> [Records shown]:
• • • •

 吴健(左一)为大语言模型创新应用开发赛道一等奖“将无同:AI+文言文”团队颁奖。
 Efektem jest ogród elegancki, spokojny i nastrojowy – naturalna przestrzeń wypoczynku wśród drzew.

• • • •

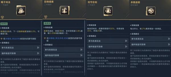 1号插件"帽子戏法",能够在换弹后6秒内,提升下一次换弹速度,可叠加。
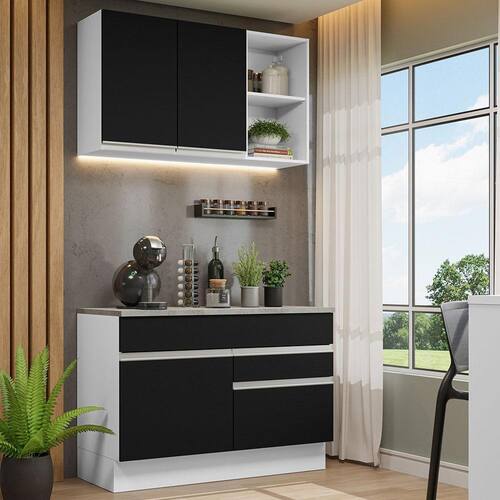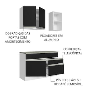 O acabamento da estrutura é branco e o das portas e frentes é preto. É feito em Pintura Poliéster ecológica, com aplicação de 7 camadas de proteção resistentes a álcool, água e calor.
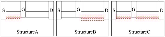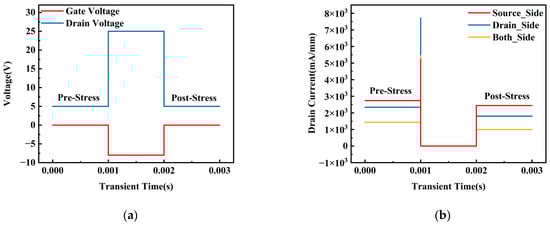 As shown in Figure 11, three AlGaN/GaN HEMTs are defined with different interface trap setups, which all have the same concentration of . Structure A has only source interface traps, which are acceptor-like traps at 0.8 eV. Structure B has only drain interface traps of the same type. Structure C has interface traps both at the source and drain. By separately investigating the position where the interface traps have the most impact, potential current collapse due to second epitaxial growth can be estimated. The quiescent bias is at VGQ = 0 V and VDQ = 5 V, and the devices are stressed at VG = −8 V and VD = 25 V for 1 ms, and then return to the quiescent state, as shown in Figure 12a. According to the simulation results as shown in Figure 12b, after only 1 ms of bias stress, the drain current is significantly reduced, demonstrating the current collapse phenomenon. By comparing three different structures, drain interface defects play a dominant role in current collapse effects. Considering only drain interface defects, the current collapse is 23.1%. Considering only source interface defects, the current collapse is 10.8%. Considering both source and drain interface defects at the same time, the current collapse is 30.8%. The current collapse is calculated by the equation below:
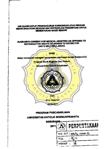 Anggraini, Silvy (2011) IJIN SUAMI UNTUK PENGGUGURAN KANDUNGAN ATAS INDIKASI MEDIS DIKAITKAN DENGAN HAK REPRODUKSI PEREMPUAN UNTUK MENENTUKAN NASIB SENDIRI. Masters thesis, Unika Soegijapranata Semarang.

• • • •

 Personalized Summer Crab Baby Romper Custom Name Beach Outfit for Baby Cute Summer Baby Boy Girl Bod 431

• • • •

> [Your goal]: Beginning at the line with "吴健(左一)为大语言模型创新" and ending at the line with "Efektem jest ogród", reproduce each line of the data above exactly, and add no other lines.

> [Reply]:
 吴健(左一)为大语言模型创新应用开发赛道一等奖“将无同:AI+文言文”团队颁奖。
 Efektem jest ogród elegancki, spokojny i nastrojowy – naturalna przestrzeń wypoczynku wśród drzew.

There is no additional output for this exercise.